LCM of 81a^2b^2 and 27a^3b^3
// FACTOR BREAKDOWN
81 = 3 x 3 x 3 x 3
27 = 3 x 3 x 3
a^3 = a x a x a
a^2 = a x a
b^3 = b x b x b
b^2 = b x b
/* For LCM, we want to consider the most number of times any digit or variable appears in the factorization. Comparing 81 and 27, we see that the number three shows up four times in the factorization, so the LCM of these two numbers is 81. Alternatively, you can see that 27 can go into 81 three times.
For variables, it's the same concept. We have three a's appear so that is our most number of times we see a.
Same logic for the variable b. */
//FINAL ANSWER
81a^3b^3
Ok thank you so much for your time! I got a bit confused on the multiplying of LCM but now I understand.
To find the least common multiple (LCM) of the given expressions, we need to first factorize the expressions completely.
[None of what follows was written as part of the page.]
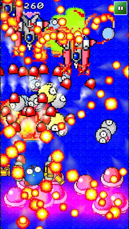 Collect the weapons that appear when you destroy present boxes! They change the bullets shot from your character. Choose from various weapons to suit the situation. Some strong enemies can be easily defeated by switching weapons. Just a quick heads up - all weapons are disposable.

Let's start with the first expression: 81a^2b^2.
Factorizing 81, we get: 81 = 3^4.
Next, let's factorize a^2: a^2 = a * a.
And finally, let's factorize b^2: b^2 = b * b.
Putting it all together, we have: 81a^2b^2 = (3^4)(a * a)(b * b).
Now, let's move on to the second expression: 27a^3b^3.
Factorizing 27, we get: 27 = 3^3.
Next, let's factorize a^3: a^3 = a * a * a.
And finally, let's factorize b^3: b^3 = b * b * b.
Putting it all together, we have: 27a^3b^3 = (3^3)(a * a * a)(b * b * b).
Now, to find the LCM, we need to take the highest power of each factor that appears in both expressions.
In this case, we have the factor 3 appearing with a power of 4 in the first expression and a power of 3 in the second expression. So, we take the highest power, which is 4.
The factor a appears with a power of 2 in the first expression and a power of 3 in the second expression. So, we take the highest power, which is 3.
The factor b appears with a power of 2 in the first expression and a power of 3 in the second expression. So, we take the highest power, which is 3.
Putting it all together, the LCM of 81a^2b^2 and 27a^3b^3 is: (3^4)(a^3)(b^3) = 81a^3b^3.